В начале 1907 года Гумилёв решил до конца прояснить отношения с Аней, поэтому, бросив все дела, раздобыв денег на самый дешевый поезд, он отправился в Киев. Анну Гумилёв нашел на Меринговской улице, в доме ее кузины Марии Александровны Змунчиллы. Николай Степанович с увлечением рассказывал Ане о музеях Лувра, где можно часами бродить среди греко-римских скульптур, бронзовых копий, античных статуй и саркофагов, где есть африканский зал!
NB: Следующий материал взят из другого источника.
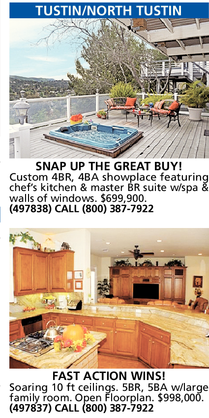 w/separate w/ w/ master TUSTIN/NORTH TUSTIN SNAP UP THE GREAT BUY! Custom 4BR, 4BA showplace featuring chef’s kitchen & master BR suite w/spa & walls of windows. $699,900. (497838) CALL (800) 387-7922 FAST ACTION WINS! Soaring 10 ft ceilings. 5BR, 5BA w/large family room. Open Floorplan. $998,000. (497837) CALL (800) 387-7922

— Тебе обязательно надо все это увидеть самой, Аня! — восклицал Гумилёв. — Я просто не могу перечислить все чудеса, которые я лицезрел в одном только Лувре. Это огромная страна искусств. Я уверен, что ты бы захотела побывать и в музеях скульптуры, и Средних веков, и Возрождения, во французских павильонах XVI–XIX веков. А в Музее азиатских древностей я бы тебе показал сокровища из дворца Санхериба, ты бы увидела огромных крылатых быков, которые стояли у входа в этот древний храм…
Аня только вздыхала:
— У меня не хватило денег даже на поездку в Петербург, не то что в Париж!
— Деньги мы достанем. Ты ведь знаешь, что я тебя люблю и готов пойти на все, чтобы устроить твое счастье. Я прошу тебя стать моей женой!
— Но возможно ли это? — спросила Аня. — Ведь отец мой не даст согласия на брак.